On 31/03/2012 11:30, Eero Aro wrote:
Hi
..
- The developers didn't have a marketing background. The NRDC tried to
market the consept on a license basis, but as far as I know, didn't
spend too
much energy on the thing. The business was moved over to BTG after that,
which didn't get much more sone than the NRDC had done. Both authorities
are large and Ambisonics was a tiny factor within agriculture, industy etc.
This article discusses the NRDC aspects in some detail:
http://www.ambisonic.net/ambi_AM91.html
My own assumption when first discovering Ambsonics (public concert by
electric Phoenix, and later via CDP, from the late 80s) was that it was
purposed towards use in public diffusion - live concerts, e/a
performance etc, and above all, for enabling composers to work in
surround (including the seemingly all-important height dimension)
without having to commit to a specific speaker layout. I don't think it
ever occurred to me at the time that people in any numbers would listen
to surround at home, or that such a thing as an "ambisonic CD" would
ever exist. It was quite strange knowing that the BBC regularly
broadcast in UHJ (especially drama, apparently), but never announced the
fact; it all contributed to the sense of it being some secret
other-worldy process strictly for the "cognoscenti".

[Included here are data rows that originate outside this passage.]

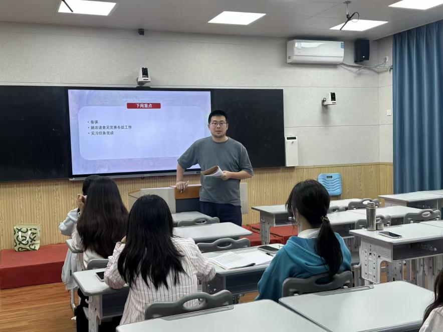 谌衡结合第四周工作概况作总结指导。他首先肯定了全体队员的进步与成长,其次强调:在实习期间,大家应保持积极向上的实习心态,坚持每日学习、持续积累进步;同时熟练掌握班级突发事件处置流程,规范处理学生间矛盾冲突,切实增强自我保护意识。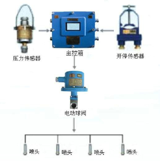 只有水壓傳感器檢測到采煤機(jī)水采水路中有一定的水壓(或工作燈開啟)時,才能允許啟動采煤機(jī)。采煤機(jī)開動后,開停傳感器(或光控傳感器)將信號送入主控箱,主控箱控制電動球閥開啟,實現(xiàn)對產(chǎn)塵點進(jìn)行噴霧降塵。采煤機(jī)停機(jī)(或采煤機(jī)工作燈關(guān)閉)后,主控箱控制電動球閥延時一定的時間后關(guān)閉,停止噴霧降塵。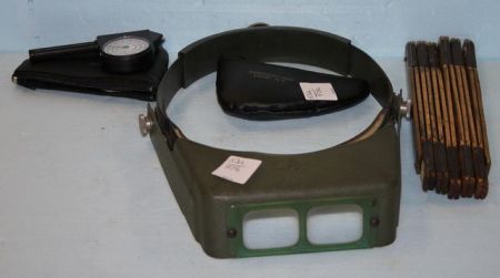 Group of Tools; welding glasses, measuring tape, two survey tools Group of Tools; welding glasses, measuring tape, two survey tools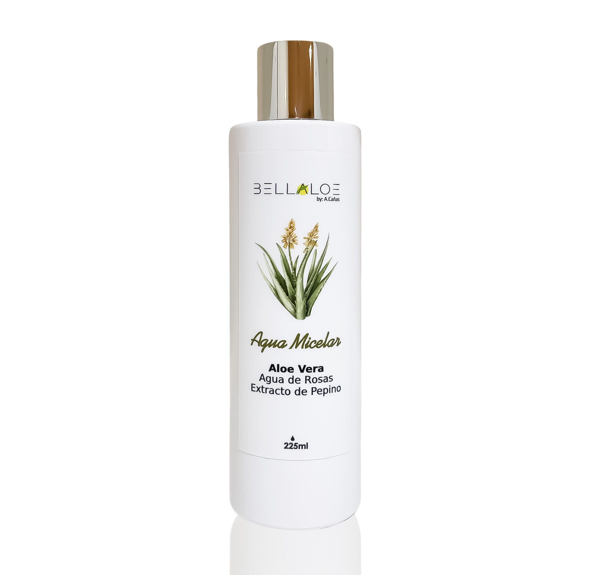 Agua Micelar natural formulada a base de Aloe Vera ecológico de cultivo andaluz, aguas florales, extracto de pepino y fantásticas propiedades limpiadoras naturales. Aporta nutrientes, calma y previene el envejecimiento de la piel. Elimina la suciedad de forma altamente eficaz. Limpia y desmaquilla el rostro en profundidad, dejando la piel fresca y suave mientras respeta la barrera dérmica.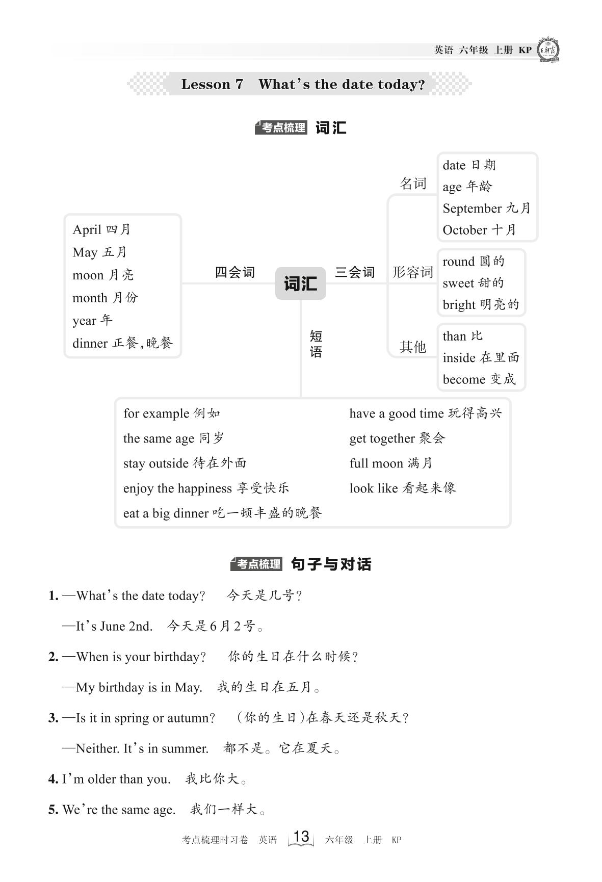 2023上册六年级英语科普版 考点梳理手册——Lesson 7 What’s the date today?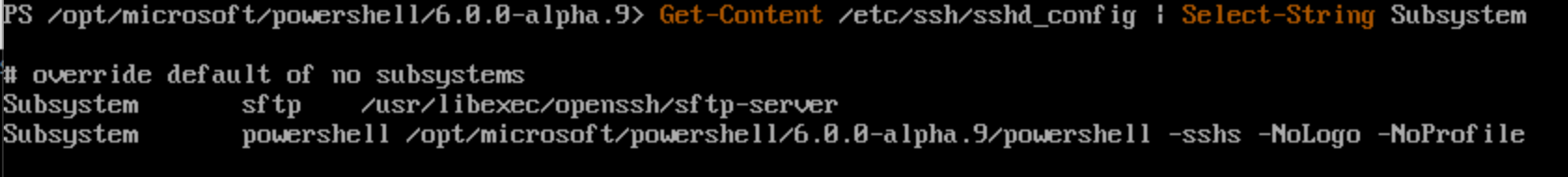 For Linux end we just need to be sure to install the SSH server Daemon (yum install -y openssh-server if not already installed) and client (yum install -y openssh-client. We should edit the /etc/ssh/sshd_config file to include PowerShell as a subsystem using your favorite text editing tool (e.g. vi, nano).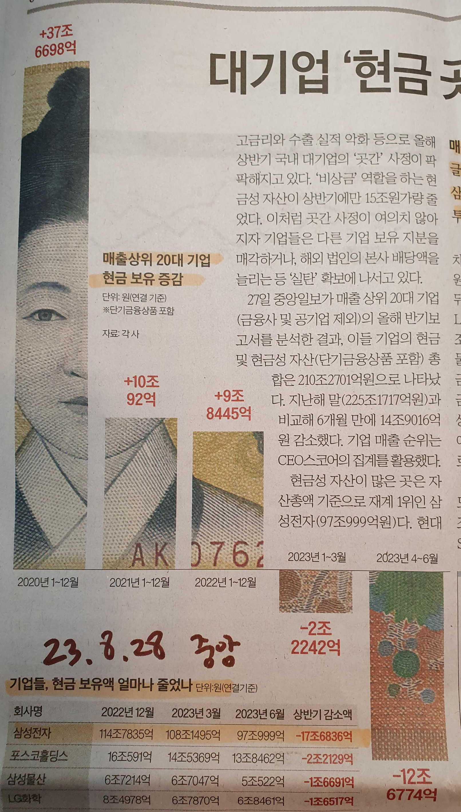대기업 현금 보유액 증감 상황, 현금성 자산 분석 23.8.28 중앙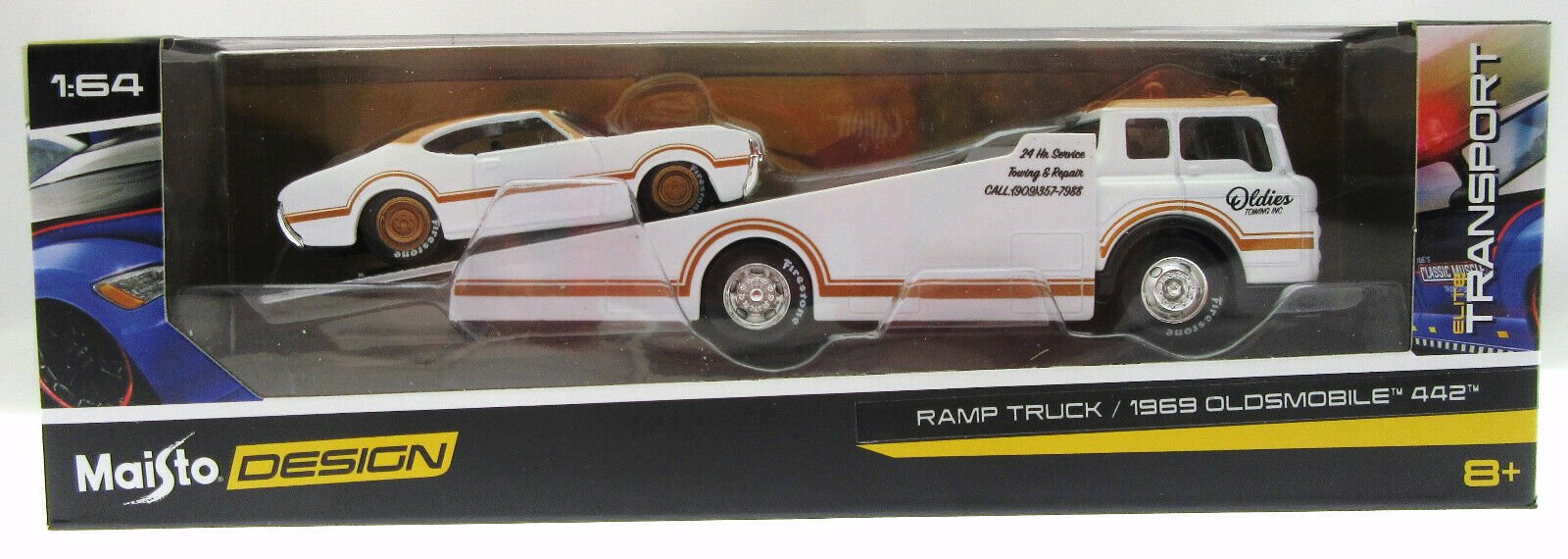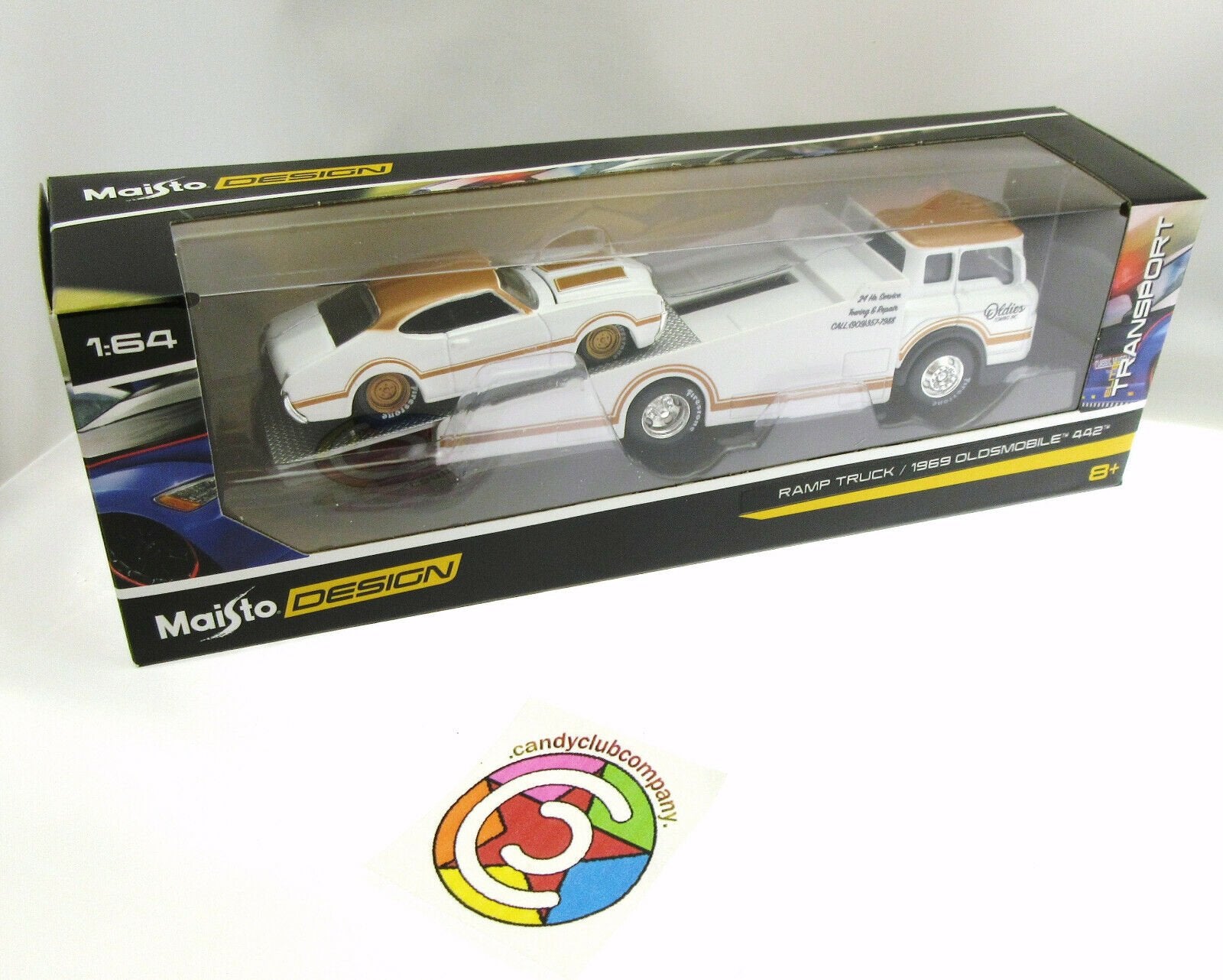 Maisto Design Die Cast Ramp Truck 1969 Oldsmobile 442 1:64 Scale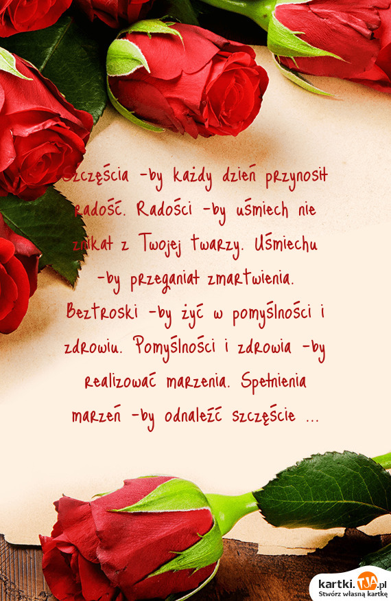 Szczęścia -by każdy dzień przynosił radość. Radości -by uśmiech nie znikał z Twojej twarzy. Uśmiechu -by przeganiał zmartwienia. Beztroski -by żyć w pomyślności i zdrowiu. Pomyślności i zdrowia -by realizować marzenia. Spełnienia marzeń -by odnaleźć szczęście ...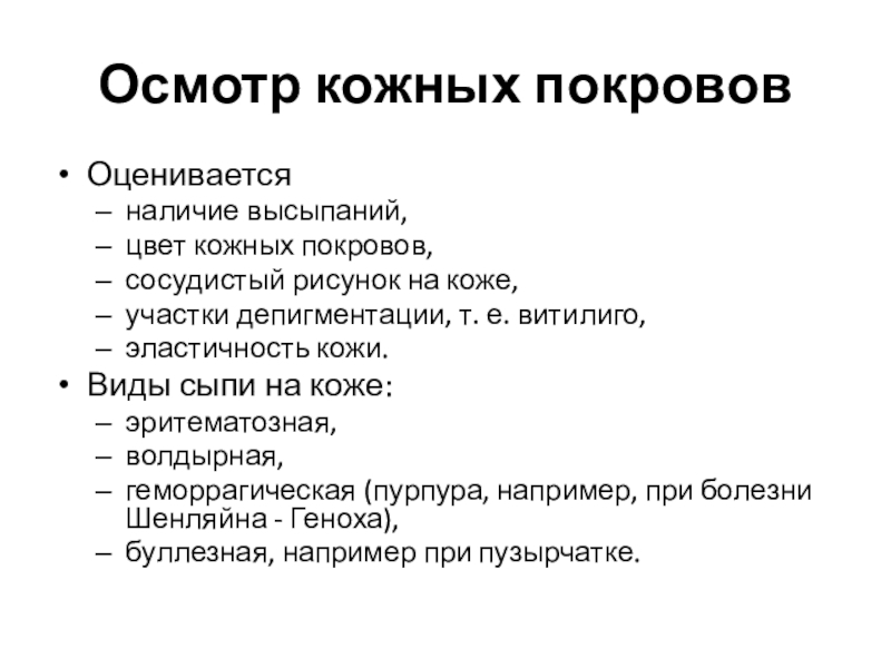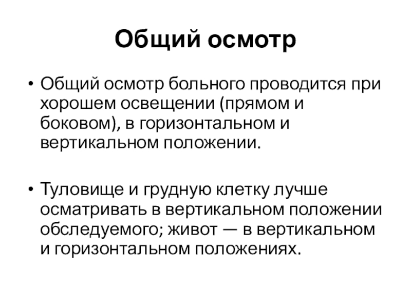 Общий осмотр больного проводится при хорошем освещении (прямом и

I suspect that sense, far from diminishing, is if anything even more
palpable today. It is more than ever something for the large
presentation space, and something that the public at large will neither
know nor care about having at home. The remaining problem being that
dedicated composition tools supporting it are still not really there;
and probably never will be while it remains a technological moveable
feast reminiscent of the old problem of nailing jelly to a tree.